You can perform inference on a single audio file or on a batch of files at once.

  1. Select Your Model: Choose the .pth and .index files for your model. If you don’t see your model in the list, click the refresh button.
  2. Upload Your Audio: Drag and drop your audio file into the input box, or click to browse your files.
  3. Convert: Click the Convert button to start the voice conversion process. The time it takes will depend on the length of your audio and the speed of your computer.

Applio provides a wide range of advanced settings to help you achieve the perfect voice conversion.

  • Export Format: Choose the audio format for your converted file (e.g., WAV, FLAC, MP3).
  • Split Audio: This option chops the audio into smaller segments for processing and then stitches them back together at the end. This can be useful for very long audio files to avoid memory issues.
  • Autotune: Applies a gentle autotune effect to the output. This is often recommended for singing conversions.
  • Clean Audio: Uses noise reduction algorithms to clean up the output audio. This is recommended for speech-to-speech conversions.
  • Upscale Audio: Enhances the quality of the output audio. This is useful if your input audio is low quality.
  • Clean Strength: Controls the intensity of the audio cleaning. Higher values are more aggressive but can sometimes introduce compression artifacts.
  • Pitch: Adjusts the pitch of the output. Use negative values to lower the pitch (more masculine) and positive values to raise it (more feminine). A common starting point is -12 for male-to-female and +12 for female-to-male.
  • Filter Radius: Applies a filter to reduce breathiness and other artifacts.
  • Search Feature Ratio: Controls how closely the model searches for matching features in the index file. Higher values can be more accurate but may also introduce artifacts. It’s usually best to leave this at the default value.
  • Volume Envelope: Blends the volume envelope of the output with the original audio’s volume.
  • Protect Voiceless Consonants: Helps to preserve the clarity of consonants and breathing sounds, which can prevent artifacts.
  • Hop Length: Determines how quickly the model adapts to large pitch changes. Smaller values can result in more accurate pitch tracking but require more processing time.
  • Pitch Extraction Algorithm: Choose the algorithm used for pitch detection. rvmpe and crepe are popular choices, but you can experiment to see which one works best for your audio.
  • Embedder Model: Select the embedder model that was used to train your voice model.
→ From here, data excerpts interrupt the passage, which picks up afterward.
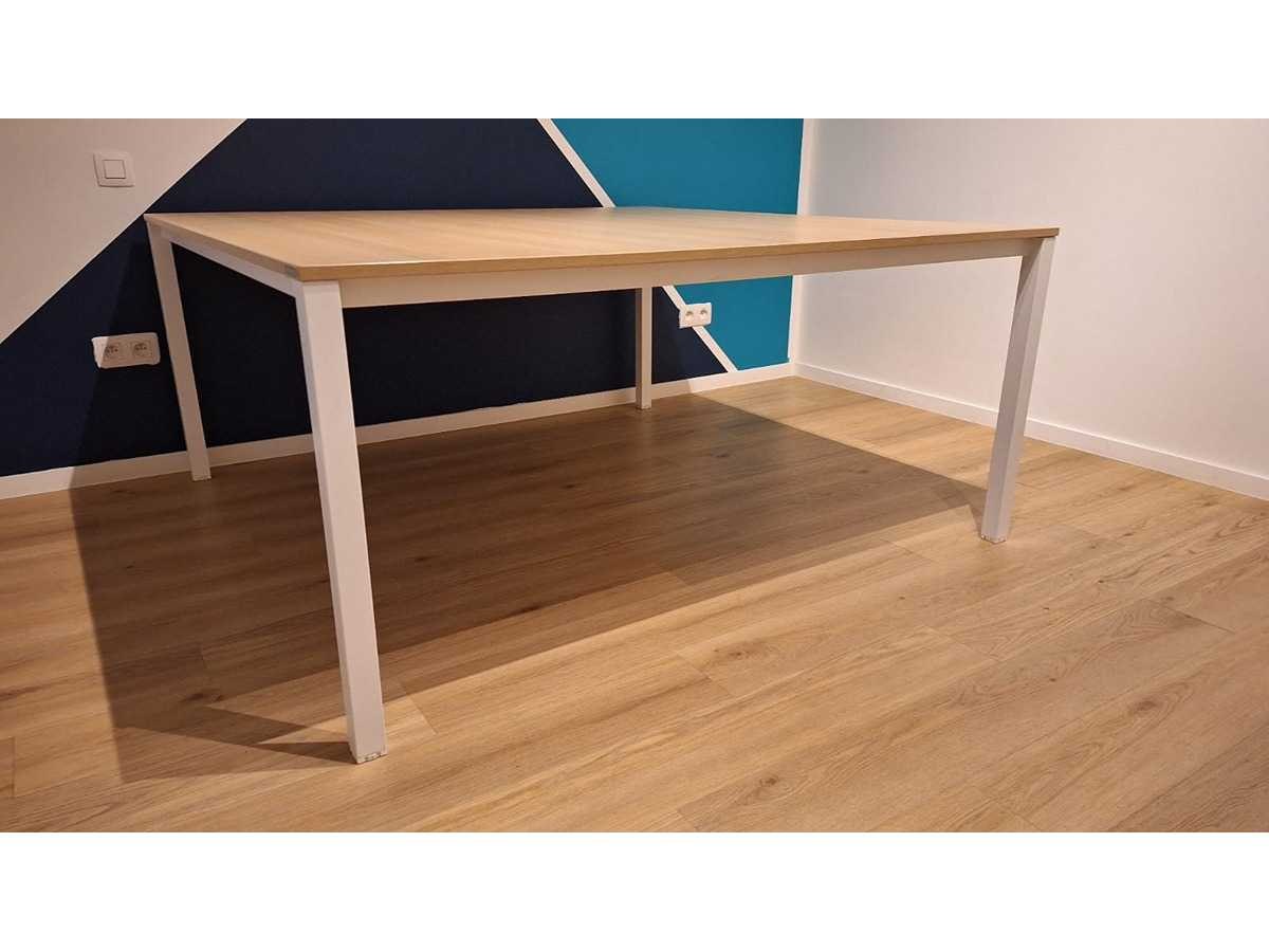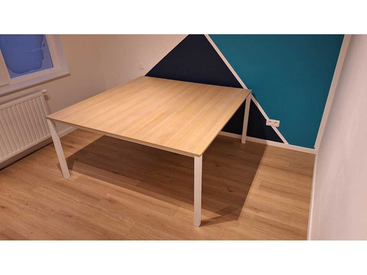 Onderstel in metaal kleur Wit, blad in melamine kleur lichte Eik, zeer goede staat Merk: Dromea Kleur: Wit-lichte Eik Gewicht: 80kg Lengte: 160cm Breedte: 160cm Hoogte: 74cm Materiaal: Metaal, hout, melamine, kunststof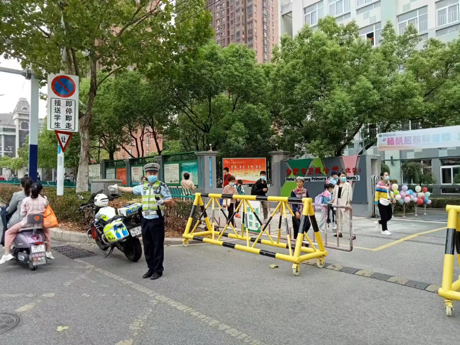 为了更好地维护校园周边道路交通秩序,全力护航学生出行安全,合肥市公安局交警支队庐阳大队协调区城管局,对周边道路交通标志标线、安全设施等进行整改完善,施划了彩色接送学生即停即走区域和学生步行通道,同时与校方、家长共同成立“护学岗”,在上放学期间维护校园周边交通秩序。全市设立交警护学岗30处,完成校园周边道路交通设施改造提升10处,开展“交通安全进校园”主题宣讲50余场次。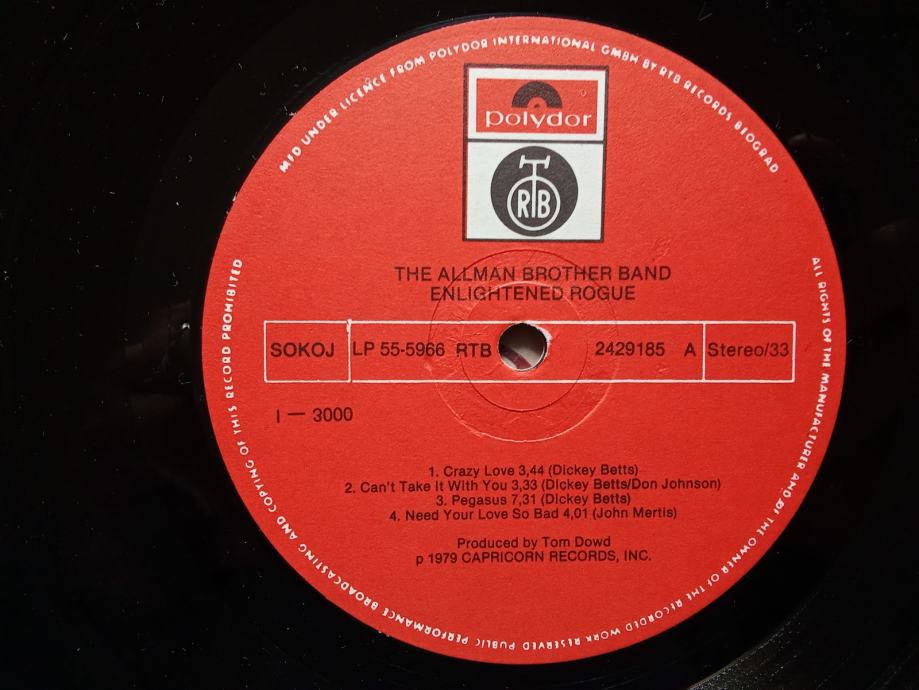 The Allman Brothers Band – Enlightened Rogues, LP ploča PGP RTB 1979.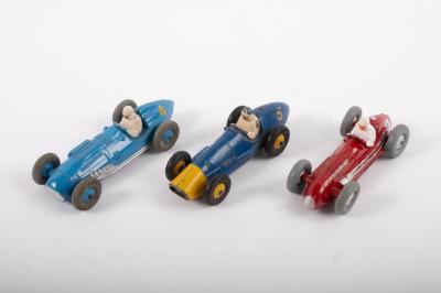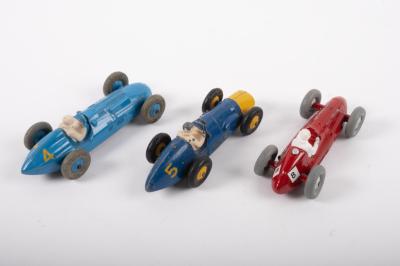 DINKY TOYS: A group of three c1950s Dinky Toys open wheel racers including No.23H 'Ferrari', No.23K 'Talbot Lago' and No.23N 'Maserati'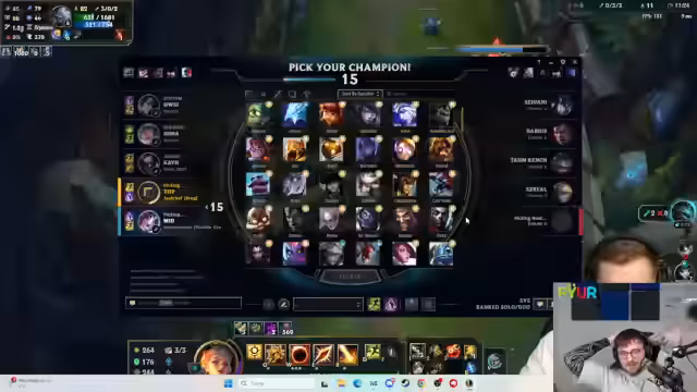 02:50:05Nach dem ersten Spiel wird in der Champion-Auswahl ein schwieriges Matchup befürchtet, insbesondere wenn der Gegner Malsar auf der Top-Lane pickt. Der Streamer entscheidet sich für ein riskantes Ignite-Spell. Die Diskussionen im Stream drehen sich um die unerwartete Emerald-Elo eines Spielers und die verbuggte Champions-Select-Musik im Client, was den Ablauf stört. Es werden aggressive Lineups wie Jhin und Maokai ins Auge gefasst, um den Druck aufzubauen.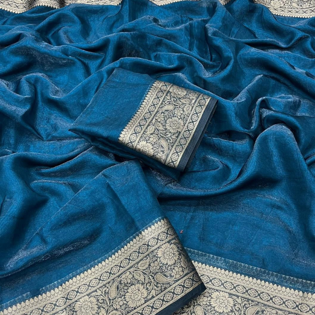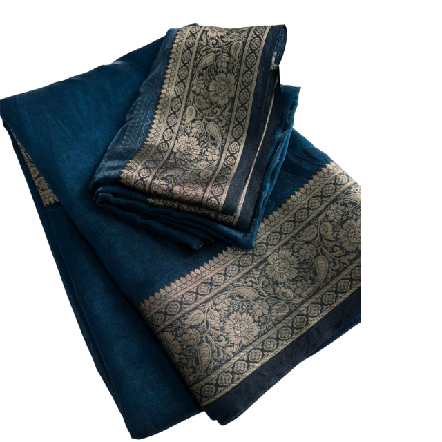 ผ้าซิลค์สีน้ำเงินเข้มสุดหรู พร้อมลายปักแจ็คการ์ดซารีแบบละเอียดอ่อน – ผู้จัดจำหน่ายขายส่ง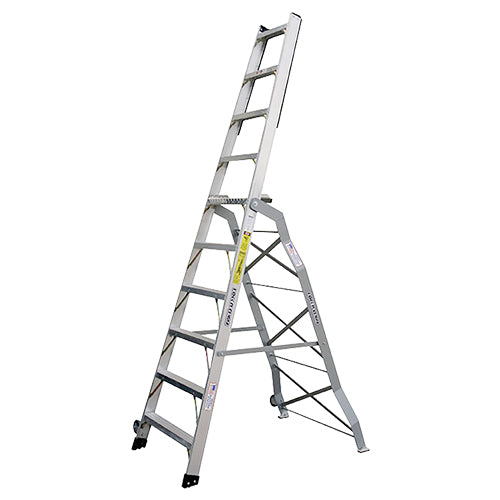 The Lock-N-Climb Ladder Safety System offers aircraft maintenance technicians a safe and secure platform for reaching the service points around corporate and commercial aircraft and helicopters. This ladder system is ideal for maintenance tasks such as inserting & removing GPU cables, serving components inside the wheel well area, checking static discharge ports and inspection panels, and other places during routine inspections. The design of these ladders has been optimized to place a technician in the optimum location of the aircraft, specific to the task at hand, to provide a safe and secure work environment for preventing accidents and injuries. Lock-N-Climb ladders meet OSHA and ANSI standards and are equipped with extra wide comfort treads and feature a patented 6061-grade aluminum base. Lock-N-Climb ergonomic safety ladders for corporate jets provide maintenance technicians working in line operations, MRO facilities, and engine shops a safe and secure work platform and easy access to service locations around the aircraft. Free standing pylon ladders roll easily and setup quickly saving valuable time. These ladders provide access to hard to reach areas, and the extra wide treads offer comport during extended periods of time.This Lock-N-climb Pylon ladder (EDMO# 10LNCPYLON) has a 10-foot height.
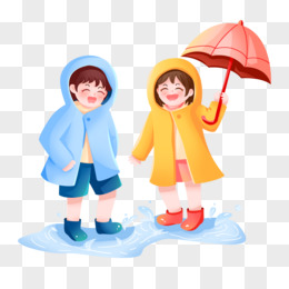 手绘卡通两个小孩踩水免抠元素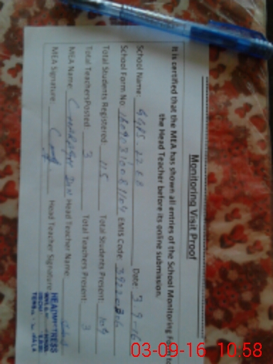 | Certified that this School was Inspected by the Undersigned MEA/DMO Today and the Information Stated Above is as Per Record. | |||||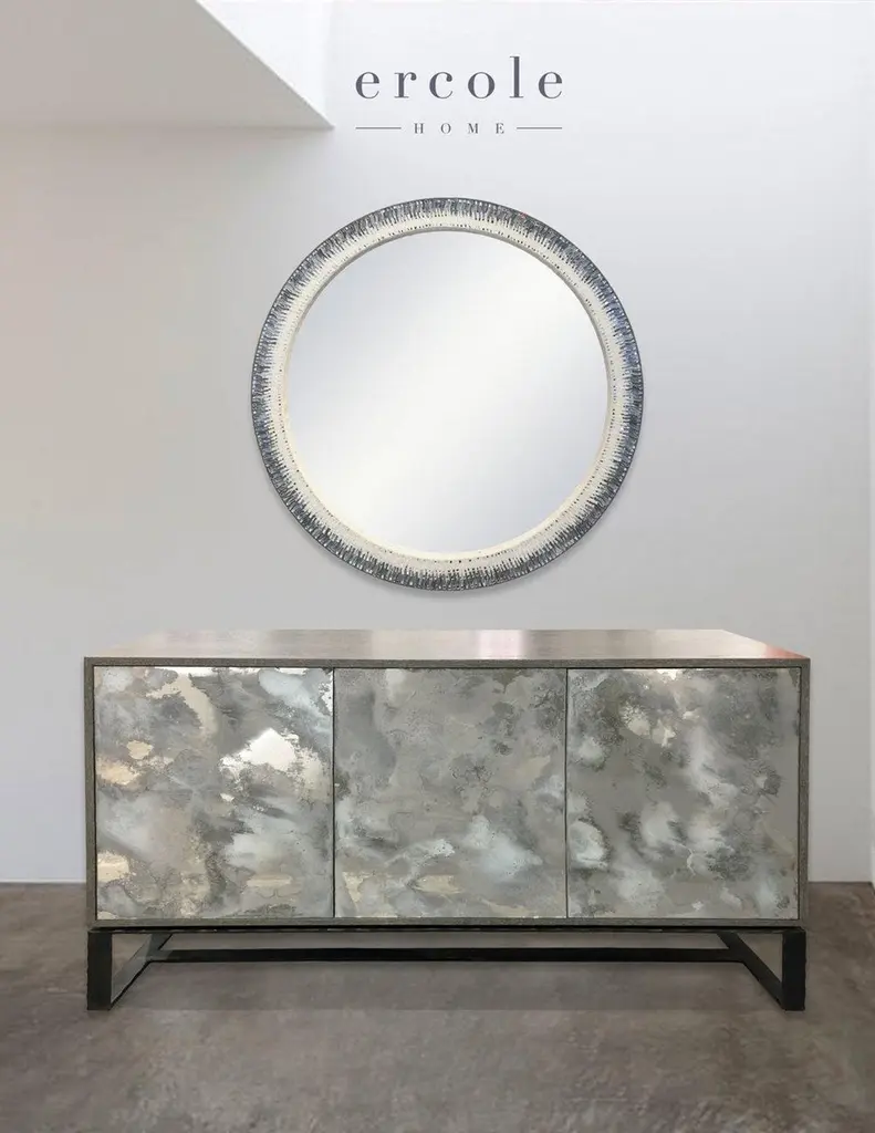 What makes this piece special is the combination of the Antique mirror front doors inserted in a wood case and the forged metal base.Inspired by the Antique Venetian and French mirror furniture, this piece is a modern interpretation by Ercole Home. It is also available in custom sizes and special finishes.Made in Brooklyn by a team of skillful artists and artisans.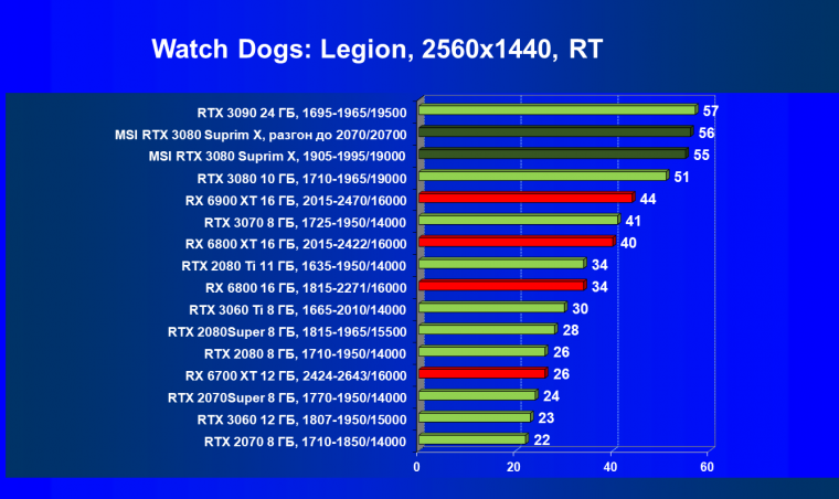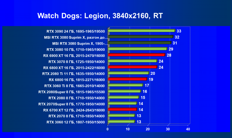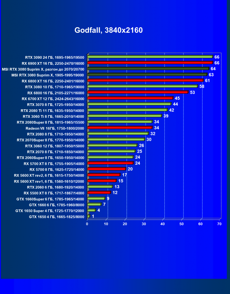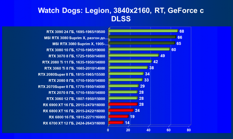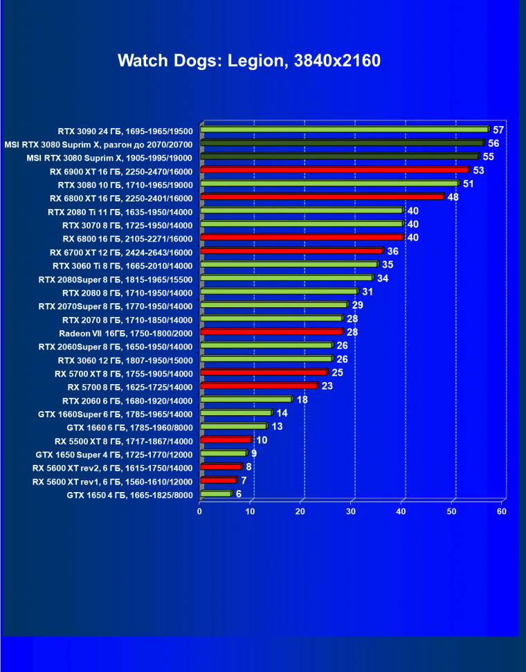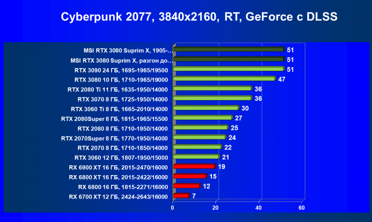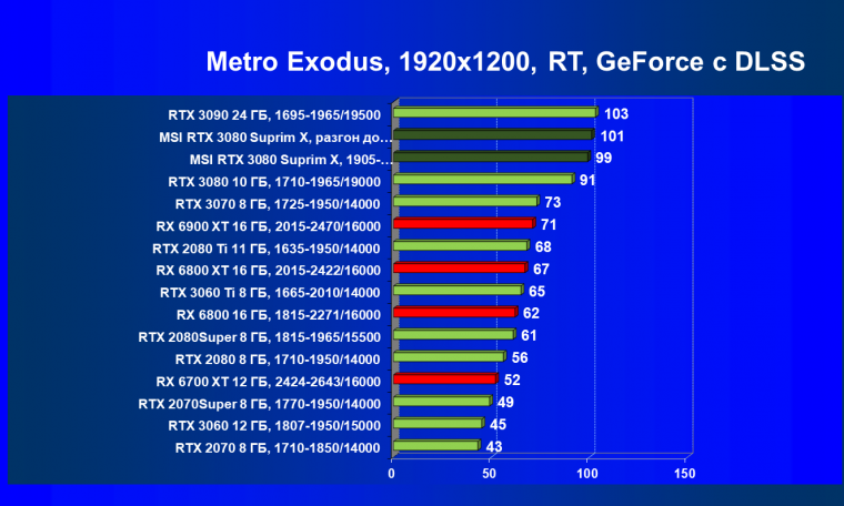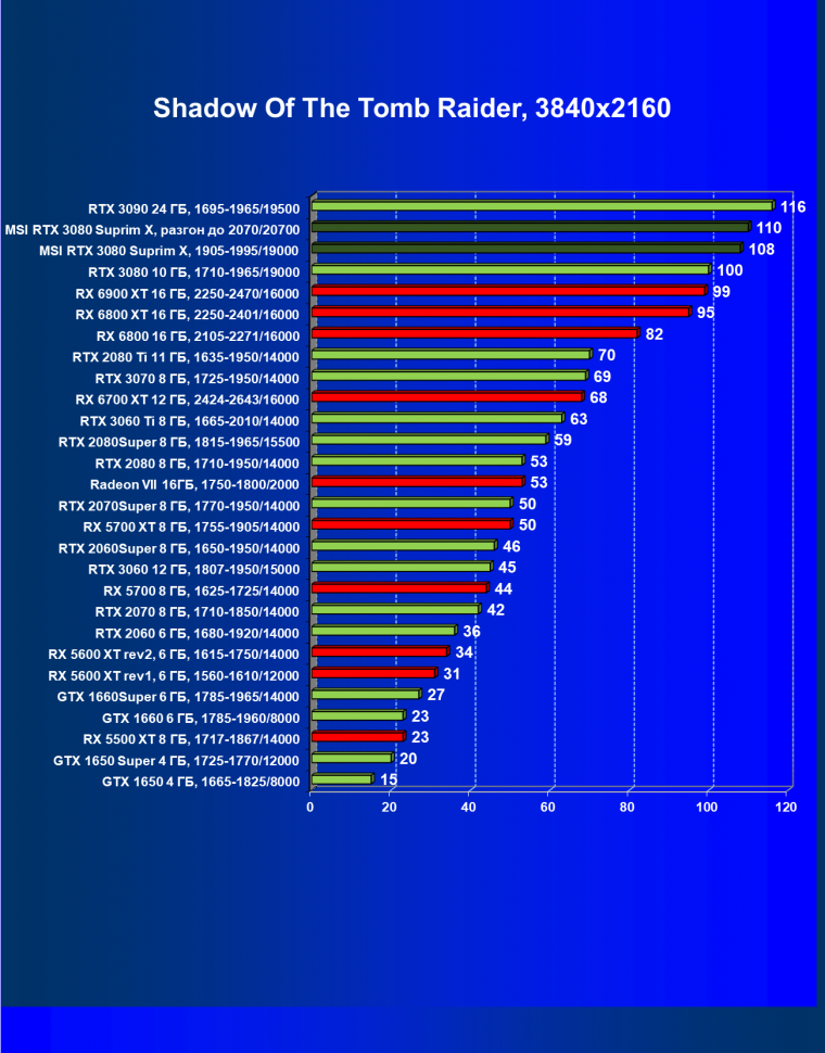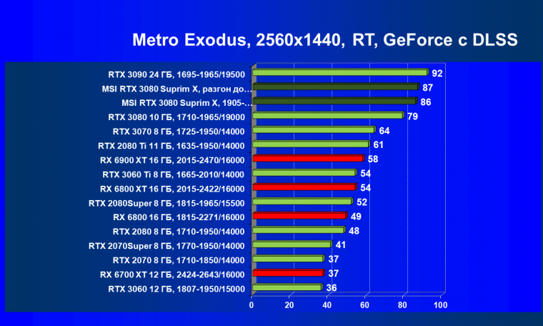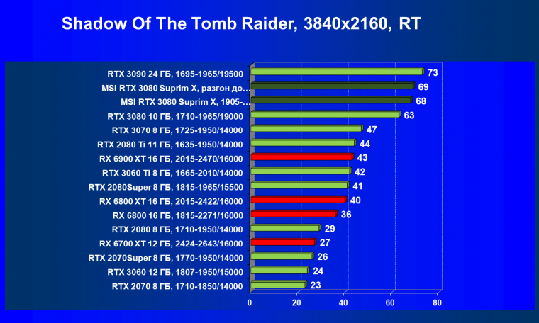 При включении RT производительность Radeon RX 6800 XT и Radeon RX 6900 XT падает намного сильнее, нежели у GeForce RTX 3080, поэтому обе видеокарты AMD оказались ниже в рейтинге. Тем не менее, все они «потянут» 4К с максимальным качеством графики. Карта MSI снова в лидерах за счет повышенных фабрично частот, а также ручного разгона (если не считать GeForce RTX 3090 — но его стоимость просто улетела в космос).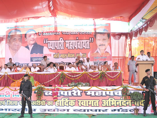 बाद में एक अन्य कार्यक्रम में मुख्यमंत्री श्री अखिलेश यादव ने मोती महल लान, लखनऊ में आयोजित व्यापारी महापंचायत में आज घोषणा की कि प्रदेश में व्यापारियों का उत्पीड़न नहीं होने दिया जाएगा। इंस्पेक्टर राज को हाबी नहीं होने दिया जाएगा। उनकी समस्याओं का समाधान होगा। बिजली संकट दूर किया जाएगा। योजनाओं का पैसा व्यापारियों के पास जाएगा।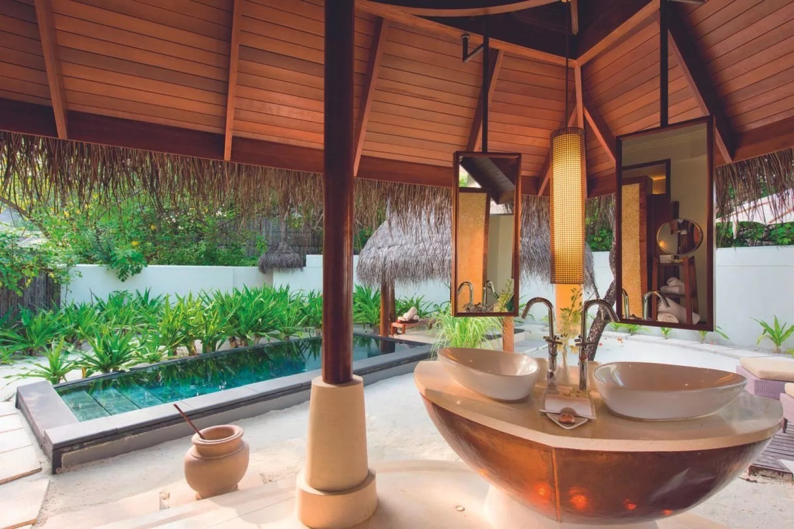 Vila na pláži s privátnym bazénom má rozlohu cca 350 m² a môže ubytovať 2 dospelé osoby a 1 dieťa. Vila sa nachádza blízko pláže, vybavená manželskou posteľou a pohovkou, pričom kúpeľňa je čiastočne otvorená s prístupom do privátnej záhrady, bazénom a pláži. Vila nad vodou s privátnym bazénom a rozlohou cca 100 m² ponúka výhľad na oceán a priame vstupy do mora.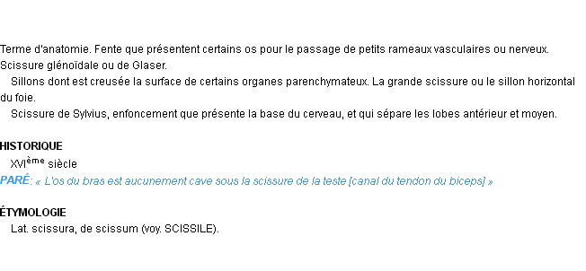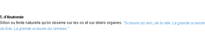 Signification éditée en 1876 pour le terme « scissure » par Emile Littré.

This must be the same embedder used during training.
  • Formant Shifting: This can be used to make male-to-female and female-to-male conversions sound more natural. You can adjust the Quefrency and Timbre for formant shifting.

You can apply a variety of audio effects to your output file.

  • Reverb: Adds reverberation to the audio.
  • Pitch Shift: Shifts the pitch of the audio in semitones.
  • Limiter: Prevents the audio from clipping.
  • Gain: Adjusts the volume of the audio.
  • Distortion: Adds harmonic distortion to the audio.
  • Chorus: Adds a chorus effect.
  • Bitcrush: Reduces the bit depth of the audio, creating a lo-fi effect.
  • Clipping: Intentionally clips the audio at a certain threshold.
  • Compressor: Reduces the dynamic range of the audio.
  • Delay: Adds an echo effect to the audio.

If your output audio sounds robotic or has artifacts, here are a few things you can try:

  • Improve Input Quality: The better your input audio, the better the output will be.
  • Check Model Training: If you’re using a custom model, it may be undertrained or overtrained.
  • Clean Your Audio: Use a tool like UVR to remove any reverb, background noise, or double vocals from your input audio.
  • Verify Dataset Quality: If your model was trained on a noisy dataset, you’ll need to clean the dataset and retrain the model.
  • Experiment with Settings: Don’t be afraid to experiment with the advanced settings to find the best combination for your specific audio.